The University of Texas at Austin is in a bit of a pickle.
Its reputation for high-quality debate and civility has long been a hallmark of the university, but lately, it has also come under fire for the way it has treated one of its own, the president of the Texas Southern University.
This past weekend, the university announced that the university would be hosting a debate between the two, with the question being, “What is the United States’ national security strategy?”
The event, titled “The Great Debates,” was sponsored by the Texas Republican Party and hosted by the National Review’s editors, who called the debate a “stunning example of Texas’ commitment to academic freedom and a free exchange of ideas.”

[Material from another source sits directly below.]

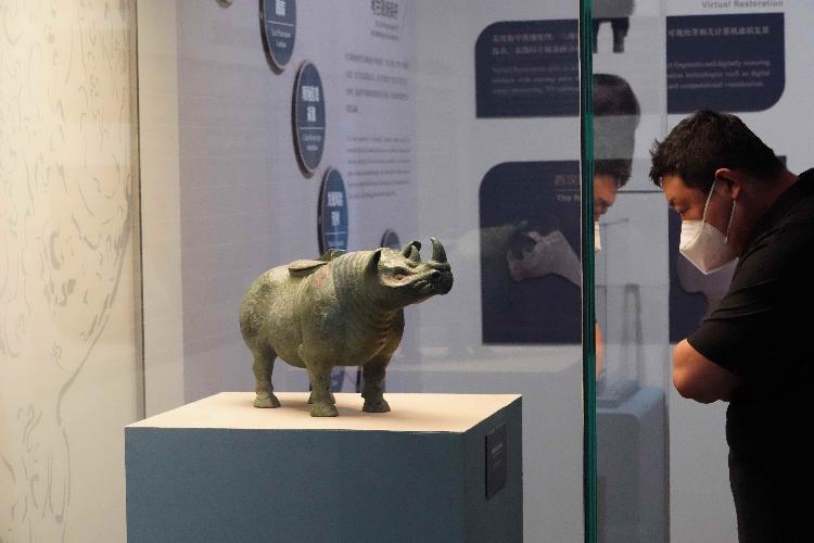 觀眾觀看展覽中用3D列印的出土犀牛青銅器。 香港中通社圖片 國博建立之初,就確立了以保護文物為己任。新中國成立後,歷經70餘年,文保力度和水平不斷增強,并注重傳統工藝與現代科技結合,成就突出,收獲頗豐。作為文保領域的專業機構,國家博物館文保院現已成為集文物檢測、研究、保護、修復和複制於一體的現代化文保機構,水平居於國際領先地位。 在展覽中,為讓觀眾更多了解文保知識,主辦方用9個重點案例呈現給觀眾,包括:宋代钜鹿故城文物修復;青銅重器的複制(後母戊鼎、大盂鼎、四羊方尊等);郎世寧《松鶴回春圖軸》的科學分析;金石傳拓(大盂鼎,虢季子盤,利簋);油畫修復與複制;西漢錯金銀雲紋犀尊仿制品;文物現場保護;現代科學儀器助力文物保護等。 位於當今河北省巨鹿縣西南钜鹿故城,於宋大觀二年(公元1108年)因黃河決口而被淹沒。1915年前後,故城所在地時有宋代古物出土,并伴有盜掘事件發生。1921年,國立歷史博物館籌備處委派裘善元等人前往調查,并獲得瓷陶雜器二百餘件,之後陸續對部分文物進行修復。這是國博早期文物保護的一個重要案例。本次展覽選取了一組實物,從中可以看出早期瓷器修復的理念與方法。 中國傳統青銅器修復、複制技術源遠流長,多年來國博對館藏大量珍貴青銅器修復和複制。最具代表性的是對後母戊鼎進行保護,完成了包括清除有害銹、科學檢測、測定重量,以及原樣複制等一系列工作,還對鼎耳、四足、器身四面、器底及內壁,均進行單獨翻制矽橡膠模具和玻璃鋼樹脂套模,採用現代精密鑄造方式,鑄造出複制品銅胎,再比對原文物,採用傳統工藝隨色作舊,其複制品達到亂真程度。本次展覽中,觀眾有幸一睹婦好墓司丂(kao)母斝、庚兒鼎,以及大盂鼎、四羊方尊等國家一級文物的複制品。

What the debate has done is to transform Texas Southern into an establishment institution that is trying to establish itself as a political player in the country.
In fact, the debate was the perfect example of how Texas Southern was trying to gain prominence by pretending to be a legitimate institution that could compete in a debate competition.
But the University is actually a political institution.
The reason the debate went viral was because of its blatant attempt to discredit Texas Southern and its president, who has become a political figure for his opposition to President Trump.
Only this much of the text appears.